Дверь квартирки Эль-Хаджа была приоткрыта. Я вошла на цыпочках, словно он еще был здесь и мне не хотелось его пугать. Кухня, где он обычно сидел, была пуста, а в комнате приспущена штора. Я увидела сначала Хакима, он стоял спиной ко мне у кровати, потом еще каких-то людей, пожилых, я их не знала — наверно, это были соседи, — и высокую полную женщину, я сначала подумала, что это мать Хакима, но она выглядела слишком молодой, да и походила скорее на арабку — белокожая, с перманентом на выкрашенных хной волосах. Может, она просто забегала помочь по хозяйству, или это была консьержка. Эль-Хадж лежал на кровати одетый, все в той же длинной голубой рубахе без воротника и серых брюках с безупречной стрелкой. Он был даже обут в свои черные лаковые ботинки, как будто собрался в путь.

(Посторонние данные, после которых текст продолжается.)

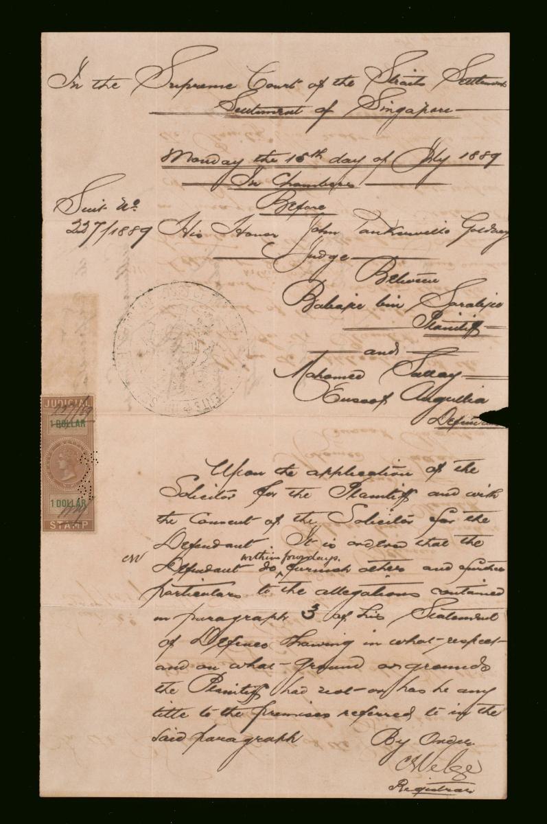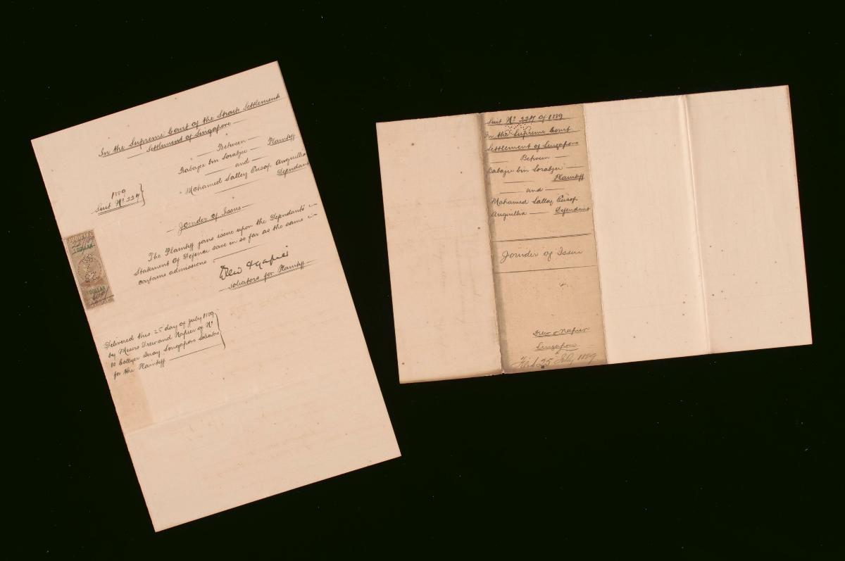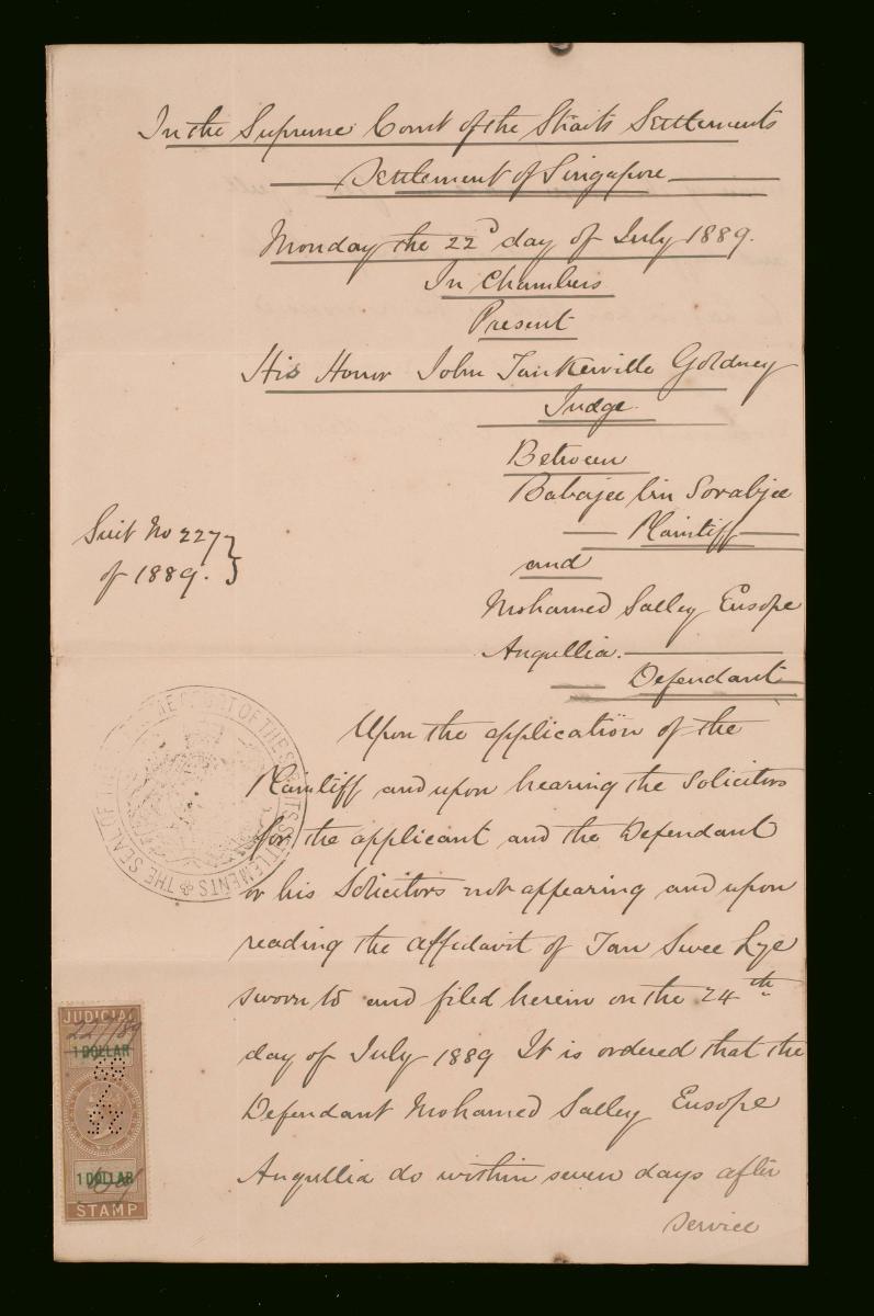 This is a statement of claim filed on 24 June 1889 concerning the suit between Babaji bin Sorabjee (plaintiff) and Mohamed Sallay E Angullia (defendant). It is part of a collection of legal documents from the 19th and early 20th centuries which provides a glimpse into the work of the notable personalities who left their mark on Singapore’s legal history, and the economic and other transactions undertaken by ordinary immigrants in 19th century Singapore that tell stories of misfortune and indebtedness which would otherwise have disappeared from history.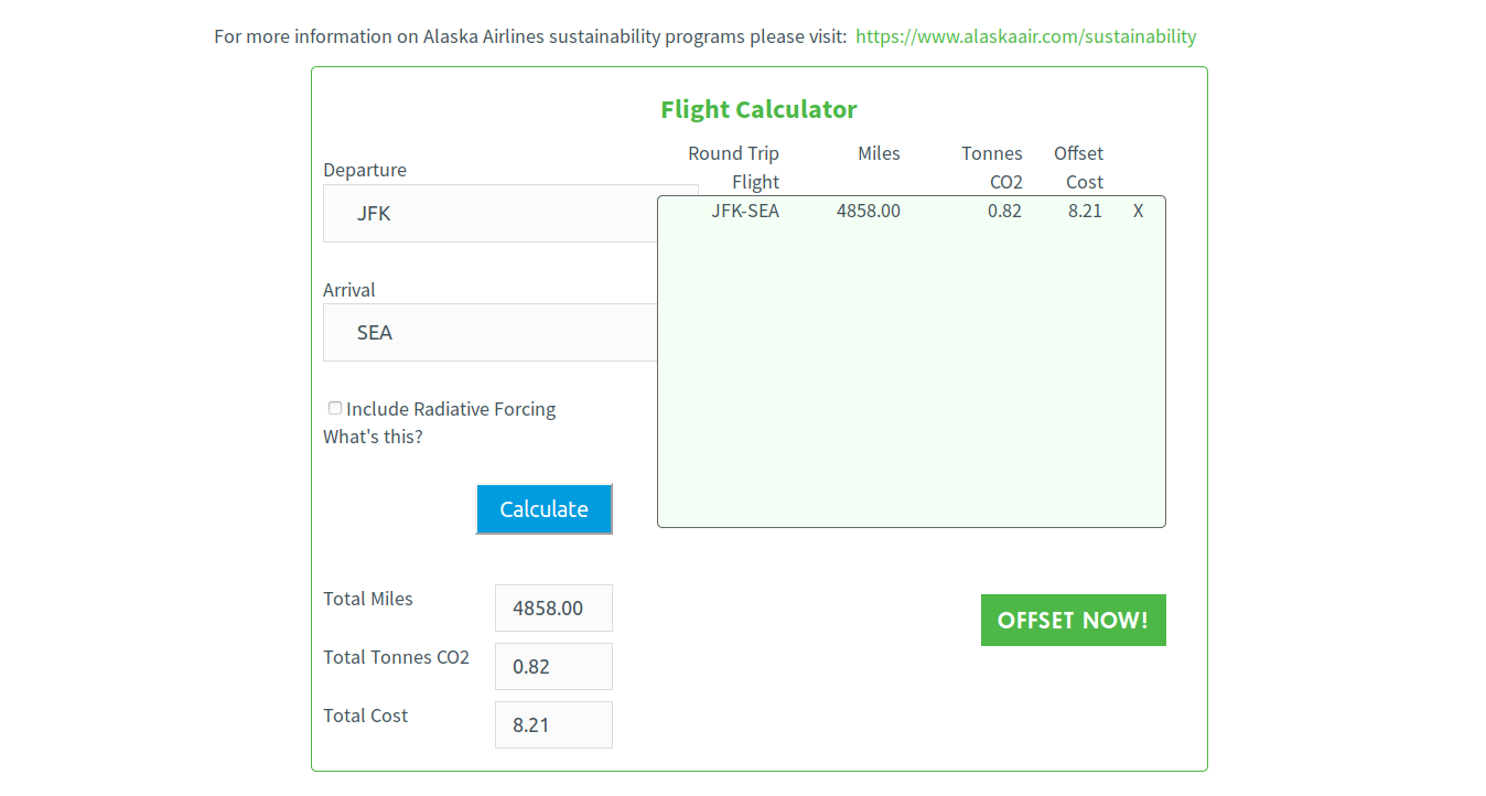 Alaska Airlines customers can calculate a suggested offset based on their route. To offset round-trip flights between JFK and SEA, a donation of $8.21 is recommended.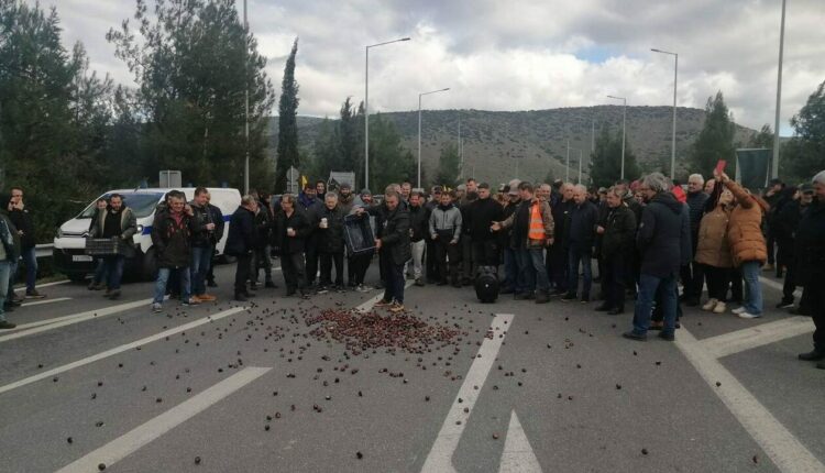 Οι καστανοπαραγωγοί έκλεισαν για μικρό χρονικό διάστημα τον δρόμο στο κόμβο Γυρτώνης και σκόρπισαν κάστανα στο οδόστρωμα.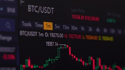 Bitcoin cryptocurrency price chart going up and down on digital market exchange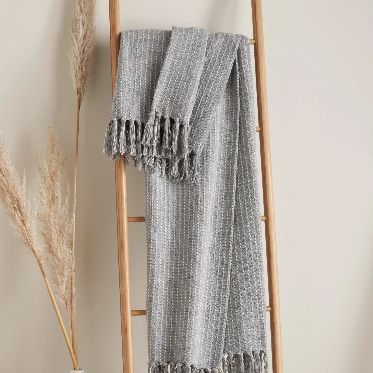 This classic subtle woven stripe fabric will enhance any room – inside or out. Woven in modern colours and with a tasselled edge to the throws, they look sensational in a variety of settings. They are made from 100% recycled cotton rich mixed fibres, so they are perfect for those of us who love our world as much as we love our homes.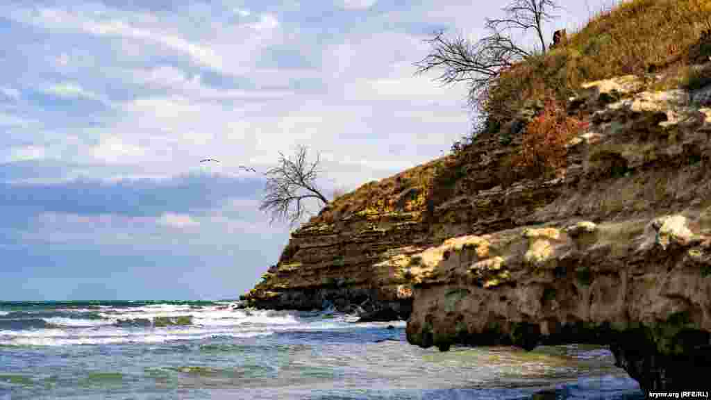 Обрывистый берег нависает над пляжем села Каменское (Ак-Монай – до 1945 года) Ленинского района. Село находится в северной части побережья Арабатского залива. Он получил название от построенной у начала Арабатской стрелки крепости, которая сохранилась в полуразрушенном состоянии.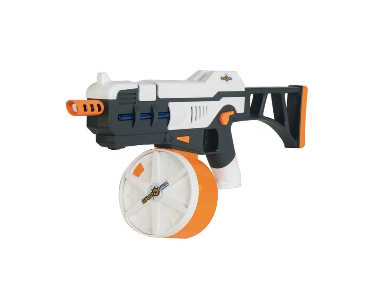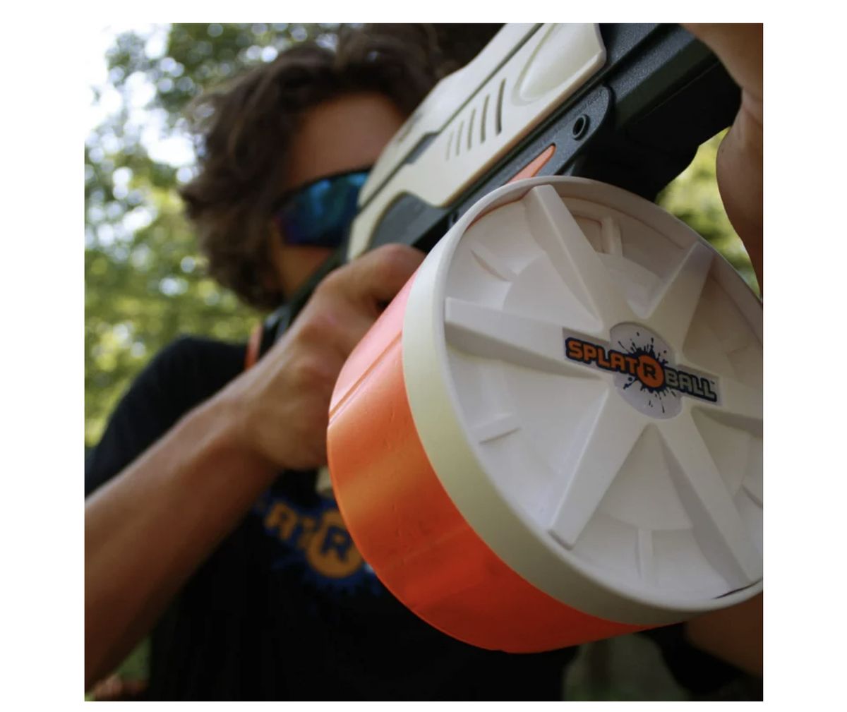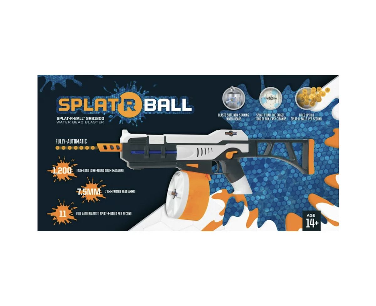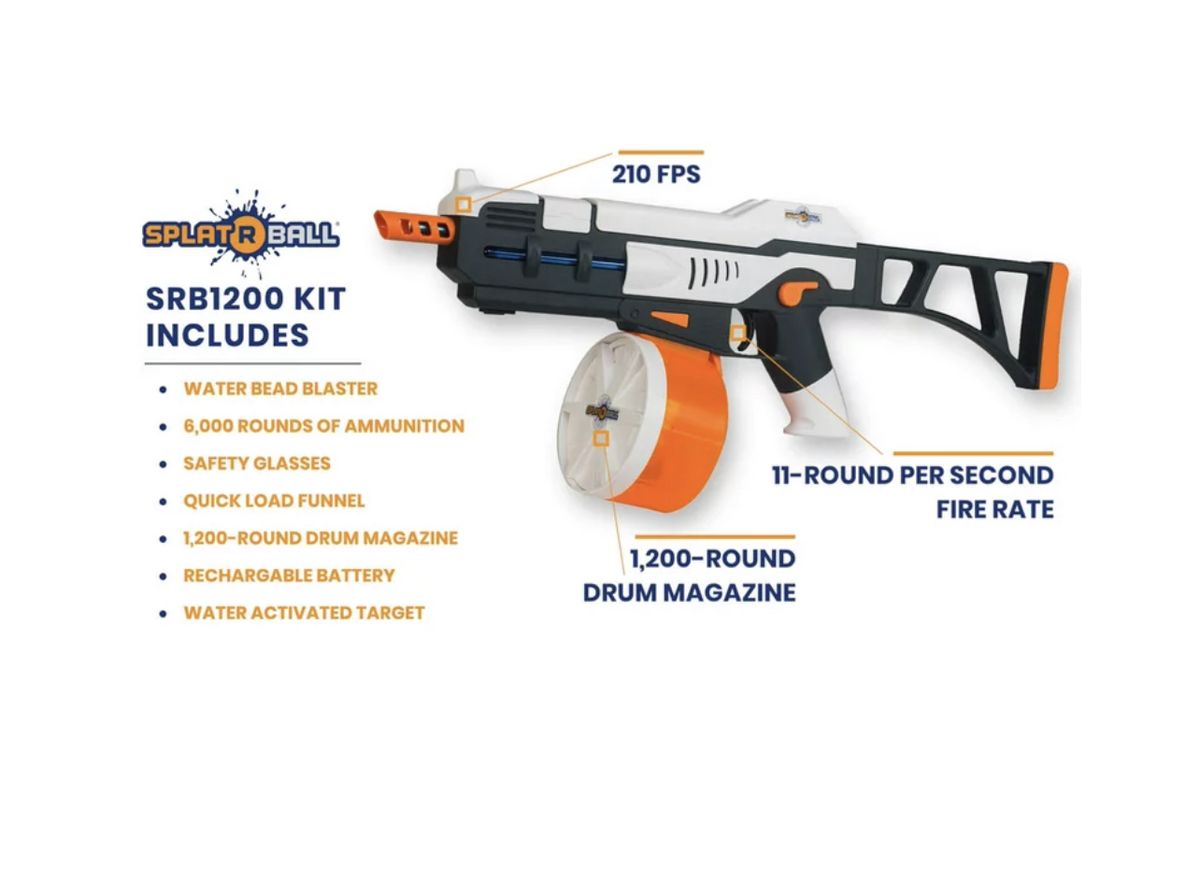 SPLATRBALL everything in your path with full auto water bead fire rate and a 1,200 round drum magazine! The SPLATRBALL SRB1200 Full Auto Water Bead Blaster shoots up to 210 feet per second (fps) SPLATRBALL ammo. It has a drum magazine with 1,200 round capacity. Shoots Certified 7.5mm SPLATRBALL water bead ammo at fire rate. This kit contains one Blaster, 1,200 round drum magazine, detachable stock, 6,000 rounds of SPLATRBALL water beads, rechargeable 7.4V 1800mAh battery with charging cable (up to 5,000 shots per battery charge), SPLATRBALL® collapsible funnel for magazine quick loading, safety glasses and one water activated target. Video: https://www.youtube.com/watch?v=cmpgH9qwY_0 For Support and Customer Service please visit https://splatrball.com/support/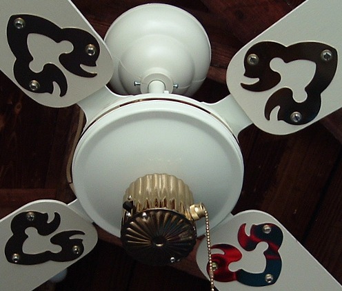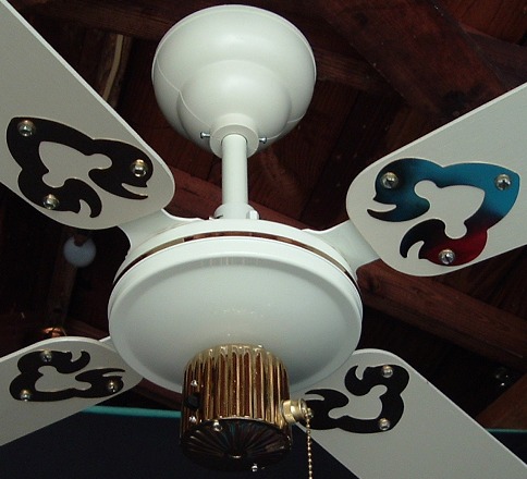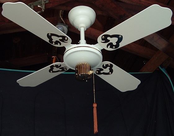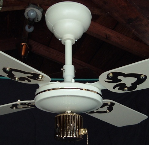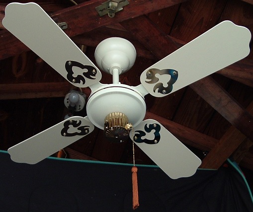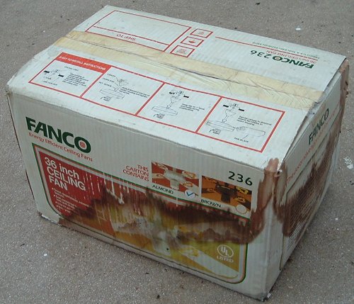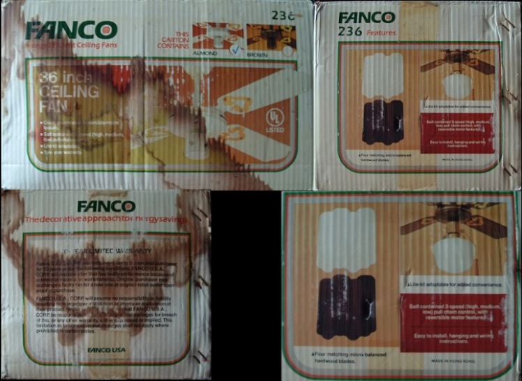 Fanco (S.M.C. Laguna) ceiling fan model KB 36 from the early to mid 1980s. Box is labeled Fanco and the motor has the same label as all Lagunas do. Has a three speed pull chain and a forward/reverse switch. This ceiling fan uses the J Hook mounting system. On this model They they did away with the variable speed control. There are many S.M.C. spinner ceiling fans that look like this one. |

Я никогда не видела его таким: лицо закрылось, сжалось, как кулак, сжаты были губы, глаза в распухших веках, даже нос; боль и печаль читались во всех чертах, и мне вспомнились его рассказы о реке Сенегал, о деревне под названием Ямба на берегу Фалеме — это было все, что он любил на свете, и надо же, что он умер так далеко, совсем один в своей комнатушке на девятом этаже корпуса «В» жилого комплекса Виллабе.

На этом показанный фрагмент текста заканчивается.